Chocolate ganache is a glaze icing or filling for pastries made from chocolate and cream, and it’s likely one of the better desserts out there, especially if it is homemade. Ganache is normally made by heating cream and pouring it over a cake—or tarts in this case. This chocolate ganache tart is a wonderful way to satisfy your sweet tooth without ruining a set diet or overloading you with too much sugar, considering it’s made with Manuka honey as a sweet alternative. So, if you’d like to try baking something new with little effort, learn how to make this healthier dessert everyone can enjoy, except you may want to keep the biggest slice to yourself!

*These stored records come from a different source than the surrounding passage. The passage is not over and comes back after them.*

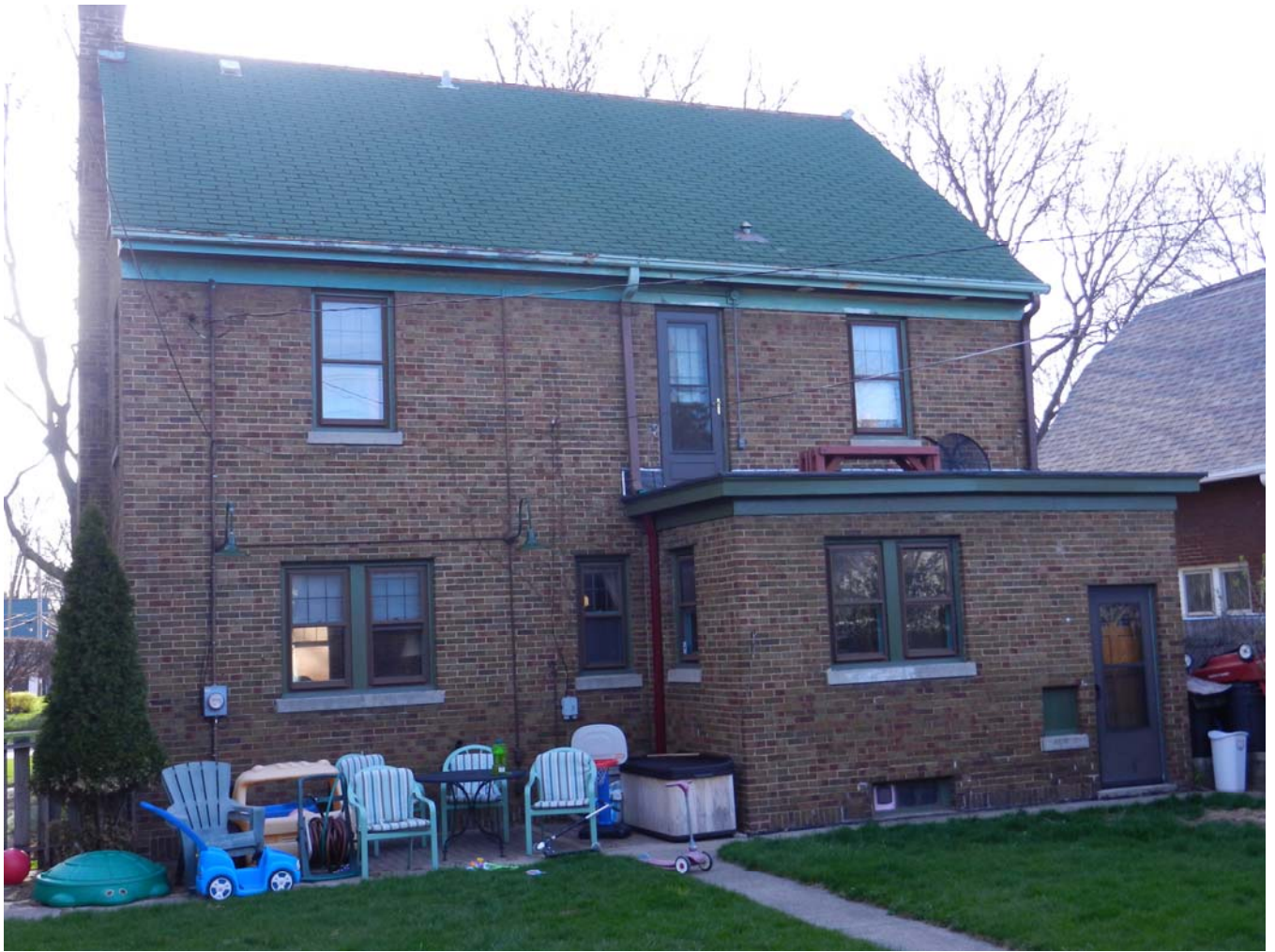
East elevation with second floor porch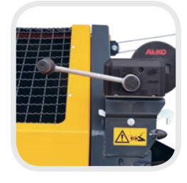
Mechanical winch for adjusting conveyor height.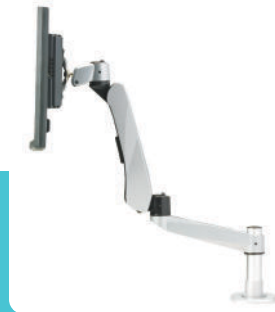
Hover Series 2 Monitor Arm HS3111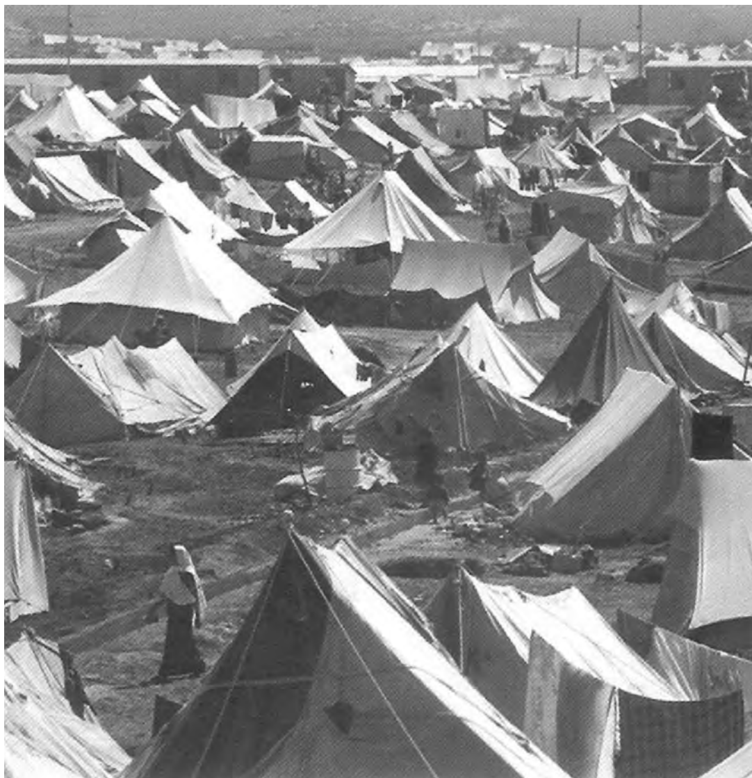
A photograph of a Palestinian refugee camp in Jordan, 1949.

21 Look at the photograph, and then answer the questions which follow.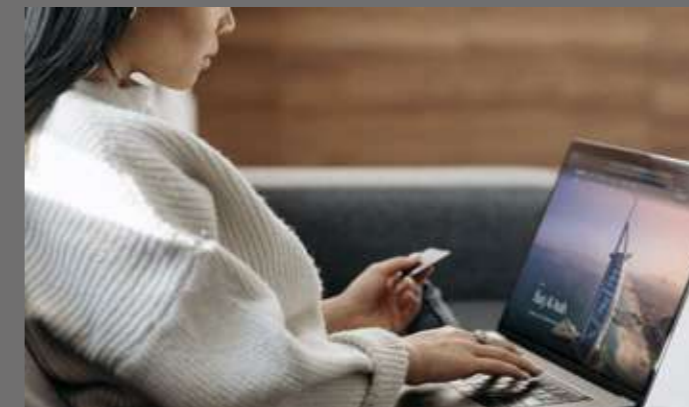
Pay with Points

- 3 tablespoons and 1 teaspoon of coconut oil
- 7 oz. coconut cream
- 2 heaping tablespoons of Manuka honey
- 4 teaspoons of raw cacao powder
- 1/4 teaspoon vanilla essence
- Pinch of salt
- 2 teaspoons of pistachios, for garnish
- 7 oz. ground almonds
- 1 small egg
- Pinch of salt
Directions for the Chocolate Ganache Tarts
- Start by preheating the oven to 400°F and line an 8-inch loaf tin with parchment paper.
- For the tart base, beat the egg, add to the ground almonds and a pinch of salt, then mix together until the ingredients come together into a ball.

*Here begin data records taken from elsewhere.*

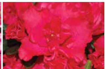
Knute Erwin (Knutte) Mid - Late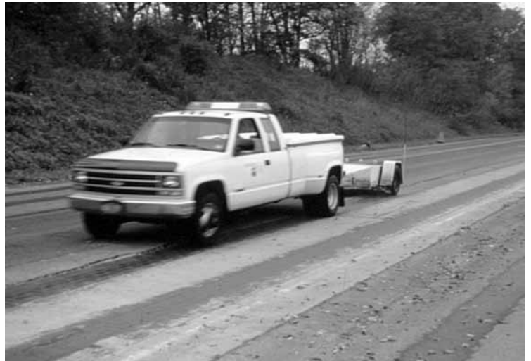
Figure 4. ASTM E 274 Test Equipment consists of a truck and trailer assembly. A tire within the trailer is towed a given speed, locked, and skidded across water dispensed on the pavement in front of it.

measure resistance while moving across a small portion of the pavement. They do not involve the use of a tire. Dynamic devices make measurements with a tire while moving at a constant velocity across the pavement surface. A common device used for static measurement is the portable British Pendulum Tester. See Figure 3. This test method is described in ASTM E 303, Standard Test Method for Measuring Surface Frictional Properties Using the British Pendulum Tester (7). This device is used for laboratory or on-site testing of skid resistance on surfaces. It consists of a small rubber shoe at the end of spring-loaded pendulum. The tester measures frictional resistance between the rubber shoe and the point of contact with the pavement. The contact area of the shoe against the test surface is about 3 in. 2 (19 cm 2 ), so measurements are influenced only by microtexture of the surface.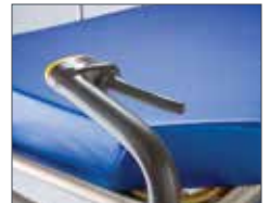
Active Hand Brake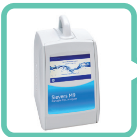
M9 Portable 0.03 ppb – 50 ppm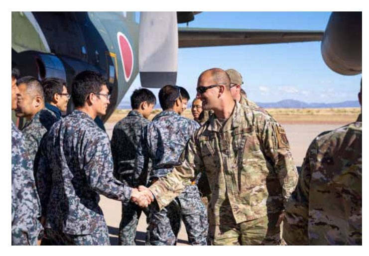
Aircrew from the Japan Air Self-Defense Force attend the Advanced Tactics Aircrew Course in Fort Huachuca, Arizona, Nov. 10, 2022.

In conclusion, the AATTC had begun a significant strategic shift in the year of 2022. With the release of the National Security Strategy and National Defense Strategy 2022, the AATTC is making guidance in those strategic documents to maintain tactical relevance. Our training division is shifting all of our courses emphasizing on components of ACE, Multi Capable Airmen (MCA), INDOPACOM Scenarios,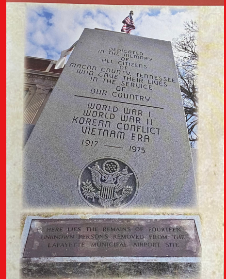
Macon County's Historic Cemeteries, Monuments & Markers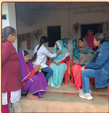
Series of home visit where CHO from Anuppur visiting the high risk pregnant women in the village

- Put the dough into the pre-lined loaf tin and press it up the sides so that it is really compact. Aim for it to be about 1/2 cm thick and 1 inch high on the sides of the pan.
- Place the tin in the oven and bake the dough for 20 minutes until golden.
- Take the tart base out of the oven and leave it to cool.
- While the tart base is cooling, melt the coconut oil on low heat in a pan and whisk in the coconut cream gradually until it’s all combined.
- Add in the Manuka honey, raw cacao powder, salt, and vanilla essence, and whisk until they are mixed in.
- Pour the ganache into the tart case carefully, taking care not to go over the sides of the crust, and put into the fridge for 2 hours until it sets.
- To finish, chop the pistachios and sprinkle over the top.
- Enjoy your Chocolate Ganache Tarts!